╭─ Entries supplied
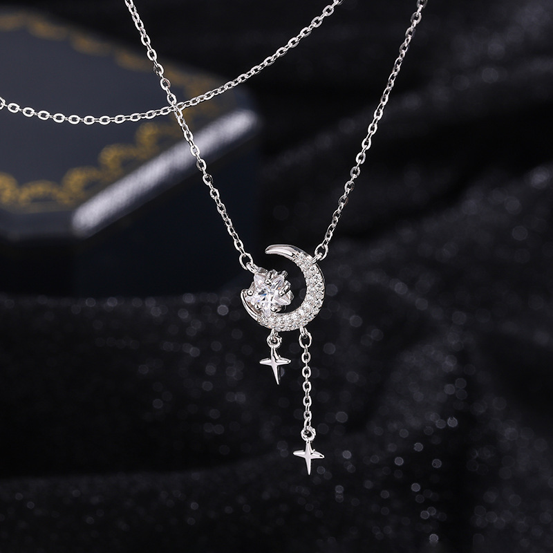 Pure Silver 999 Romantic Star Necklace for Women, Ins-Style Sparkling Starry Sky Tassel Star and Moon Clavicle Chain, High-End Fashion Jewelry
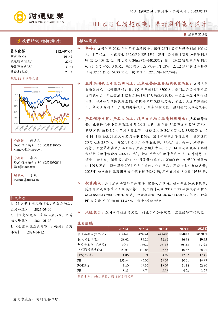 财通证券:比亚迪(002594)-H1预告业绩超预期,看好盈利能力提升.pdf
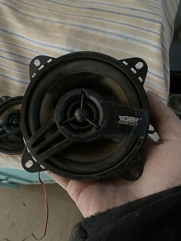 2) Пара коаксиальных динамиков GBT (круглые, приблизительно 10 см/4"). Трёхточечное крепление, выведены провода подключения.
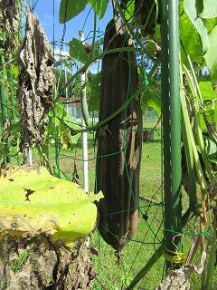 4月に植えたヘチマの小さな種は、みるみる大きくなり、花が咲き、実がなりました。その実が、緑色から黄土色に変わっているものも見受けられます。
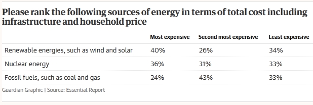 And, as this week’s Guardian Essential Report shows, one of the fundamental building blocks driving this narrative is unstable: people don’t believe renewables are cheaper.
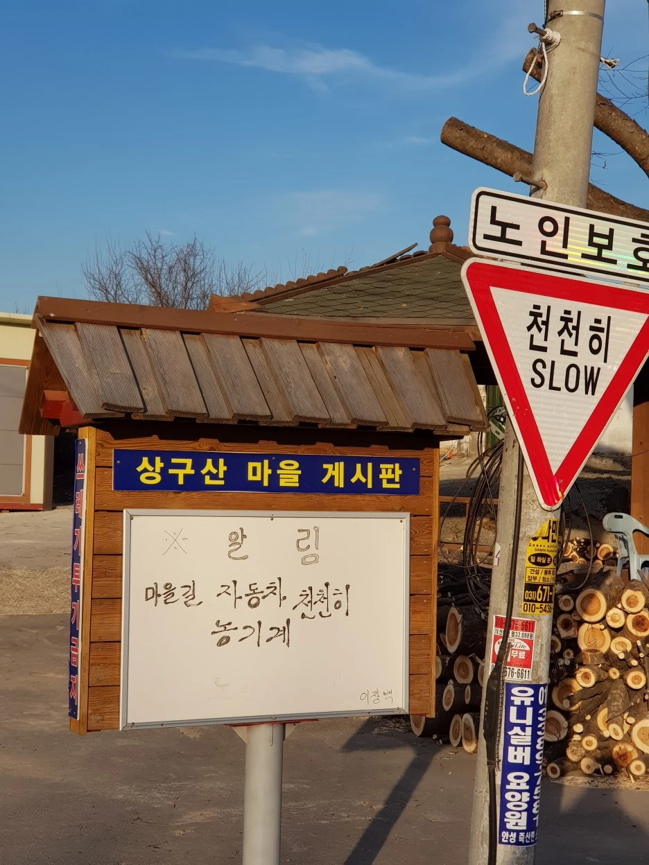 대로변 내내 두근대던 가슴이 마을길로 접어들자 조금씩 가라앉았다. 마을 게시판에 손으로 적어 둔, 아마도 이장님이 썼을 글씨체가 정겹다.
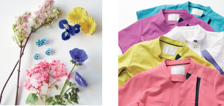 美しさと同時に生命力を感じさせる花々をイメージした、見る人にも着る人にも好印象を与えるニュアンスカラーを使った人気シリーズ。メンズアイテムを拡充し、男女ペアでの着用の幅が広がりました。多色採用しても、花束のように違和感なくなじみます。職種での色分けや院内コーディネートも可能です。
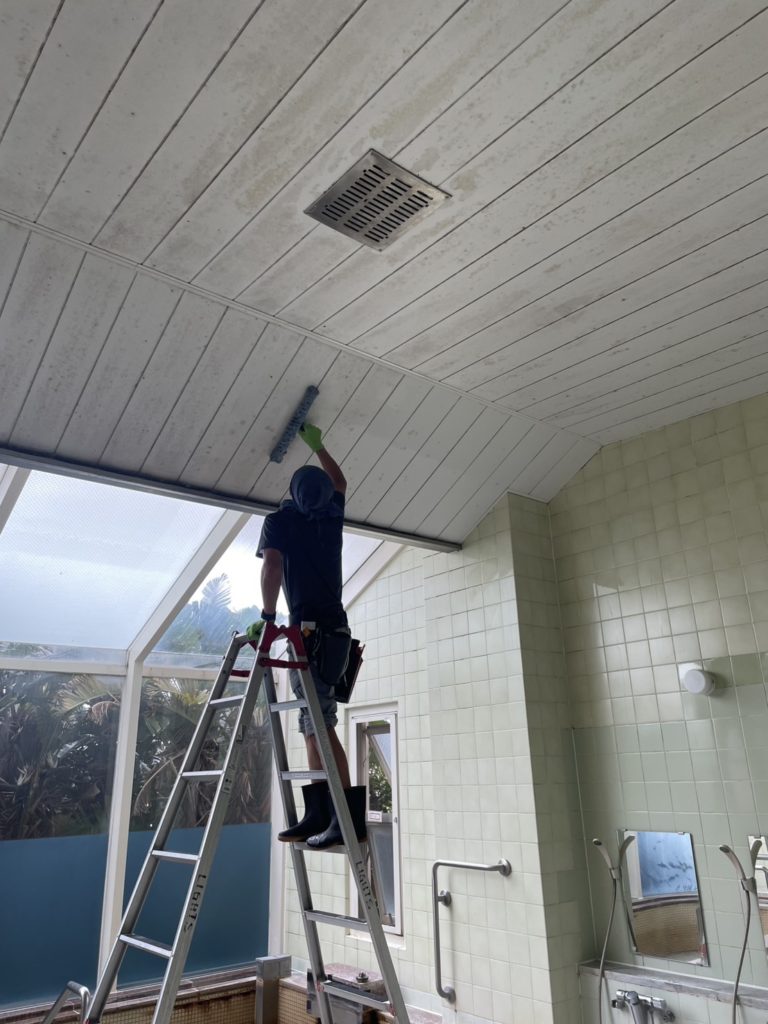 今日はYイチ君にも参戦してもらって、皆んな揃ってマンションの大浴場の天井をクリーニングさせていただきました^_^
╰─
╭─ Entries supplied
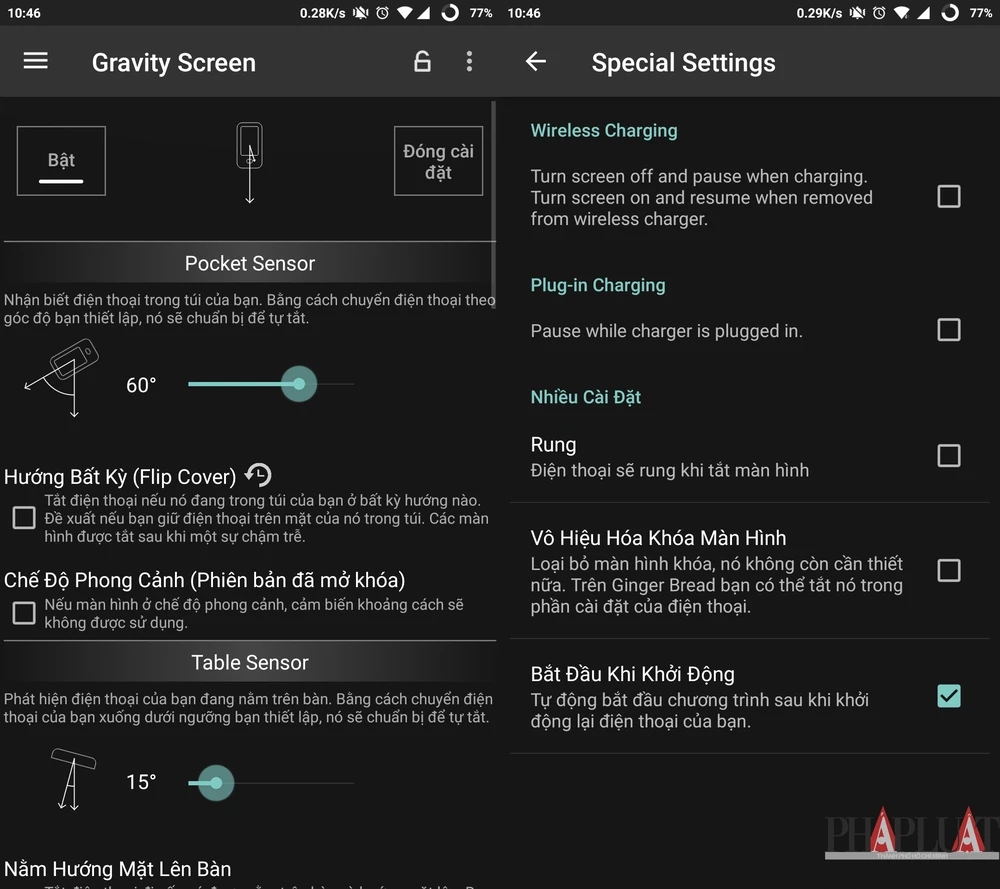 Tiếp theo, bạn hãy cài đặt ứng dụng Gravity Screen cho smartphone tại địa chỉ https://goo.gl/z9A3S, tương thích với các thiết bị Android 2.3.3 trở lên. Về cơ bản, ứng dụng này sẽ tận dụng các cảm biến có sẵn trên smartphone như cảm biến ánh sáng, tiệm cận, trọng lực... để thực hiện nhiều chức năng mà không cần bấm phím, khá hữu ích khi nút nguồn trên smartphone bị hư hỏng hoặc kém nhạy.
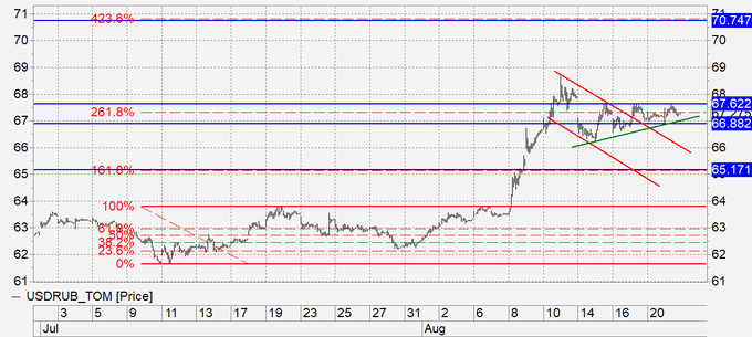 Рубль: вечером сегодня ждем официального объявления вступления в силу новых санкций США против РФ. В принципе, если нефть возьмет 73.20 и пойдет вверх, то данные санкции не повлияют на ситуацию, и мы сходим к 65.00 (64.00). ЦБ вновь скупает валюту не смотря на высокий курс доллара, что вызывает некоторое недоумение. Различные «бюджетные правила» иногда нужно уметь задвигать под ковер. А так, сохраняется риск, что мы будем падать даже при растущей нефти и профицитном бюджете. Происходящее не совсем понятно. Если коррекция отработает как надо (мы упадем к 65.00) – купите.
╰─
● What you should do: To complete this exercise, transcribe exactly the lines above from the one that holds "Pure Silver 999" through the one that holds "今日はYイチ君にも参戦しても". Pictures stay out.

● Answer to the problem:
 Pure Silver 999 Romantic Star Necklace for Women, Ins-Style Sparkling Starry Sky Tassel Star and Moon Clavicle Chain, High-End Fashion Jewelry
 财通证券:比亚迪(002594)-H1预告业绩超预期,看好盈利能力提升.pdf
 2) Пара коаксиальных динамиков GBT (круглые, приблизительно 10 см/4"). Трёхточечное крепление, выведены провода подключения.
 4月に植えたヘチマの小さな種は、みるみる大きくなり、花が咲き、実がなりました。その実が、緑色から黄土色に変わっているものも見受けられます。
 And, as this week’s Guardian Essential Report shows, one of the fundamental building blocks driving this narrative is unstable: people don’t believe renewables are cheaper.
 대로변 내내 두근대던 가슴이 마을길로 접어들자 조금씩 가라앉았다. 마을 게시판에 손으로 적어 둔, 아마도 이장님이 썼을 글씨체가 정겹다.
 美しさと同時に生命力を感じさせる花々をイメージした、見る人にも着る人にも好印象を与えるニュアンスカラーを使った人気シリーズ。メンズアイテムを拡充し、男女ペアでの着用の幅が広がりました。多色採用しても、花束のように違和感なくなじみます。職種での色分けや院内コーディネートも可能です。
 今日はYイチ君にも参戦してもらって、皆んな揃ってマンションの大浴場の天井をクリーニングさせていただきました^_^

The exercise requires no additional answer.